Screwtape shudders at the thought of Christians being the best or the worst or somewhere in between, and simply thanking God, shrugging it off, and moving on. A disgusting thought! Christians are controlled most effectively when trapped in the web of self-preoccupation.
The demon writes, “The enemy’s whole effort, therefore, will be to get the man’s mind off the subject of his own value altogether. He would rather the man thought himself a great architect or a great poet and then forgot about it, than that he should spend much time and pains trying to think himself a bad one.”
Screwtape looks over at the sister in front of him. She is filled with despair. It seems that everywhere she looks, there is sin, sin, sin. Self, self, self. How do the others do it? How do those brothers who are always rejoicing keep themselves so encouraged? Are they hiding something? Or do I just not want what God wants? Oh God! I am such a sinner! I want to die! I want the cross! I want to travail! Help me, Jesus!
Screwtape finishes his letter, “Even of his sins the Enemy does not want him to think too much: once they are repented, the sooner the man turns his attention outward, the better the Enemy is pleased.”

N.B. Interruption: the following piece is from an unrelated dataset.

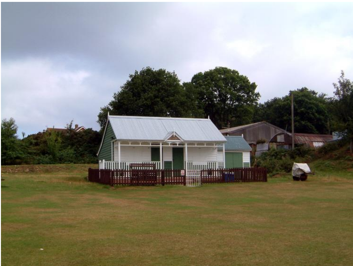
The pavilion has been renovated and extended since 2000. Date taken - August 2009

View direction - North West Date taken - July 2000

A scowl forms on Screwtape's face as he signs his name, thinking about those horrid undeserving imps whom the enemy foolishly loves. They forthrightly confess their sins and then they stand up with their head held high and walk away whistling a song or thinking about a game of checkers. A disgusting image! He hates to end his letter this way, but it will have to do. Wormwood must understand the seriousness of the matter!

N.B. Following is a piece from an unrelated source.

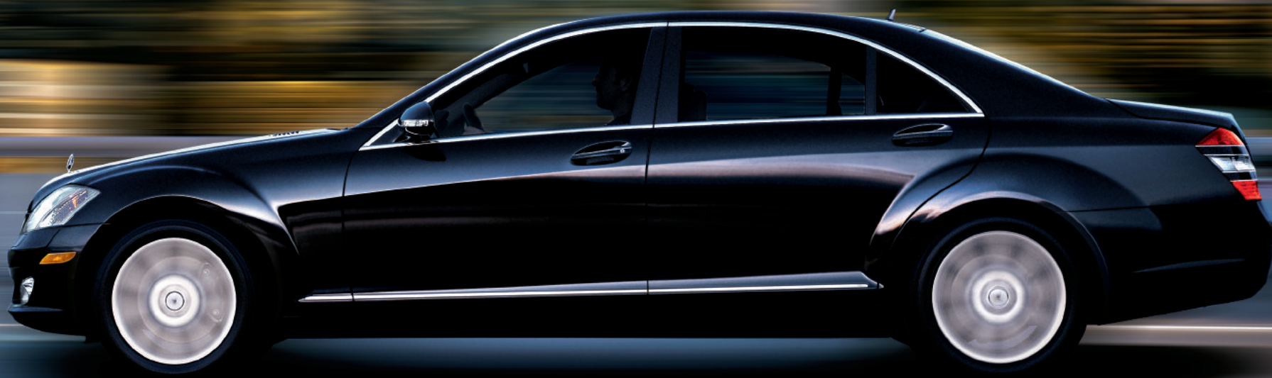
S550 shown in Black.

The Mercedes-Benz S-Class has long been known for its peerless combination of elegance, performance and craftsmanship. Now in its ninth generation, the all-new S-Class is larger inside and out, with greater luxury and presence than ever before. A more powerful V-8 engine, industry-leading technology and some of the most sophisticated automotive safety systems in production today reassert the S-Class's reputation as the foremost luxury sedan in the world. The all-new 2007 S-Class.

Screwtape puts the letter away and listens to the speaker.
“Thank God, dear friends, we can talk about the cross in this place. There are many places that if I preached like this, they would simply throw me out. Believe me, I have preached all around the world! But, over the years, sitting under this ministry, you have developed capacity. And I can preach to you in this way because you can handle it.”
Screwtape takes a long draw from his cigar, blows rings of smoke into the air and chuckles silently.
Things are going well.
All quotes in Screwtape’s correspondence are from The Screwtape Letters by C.S. Lewis, Chapter 14.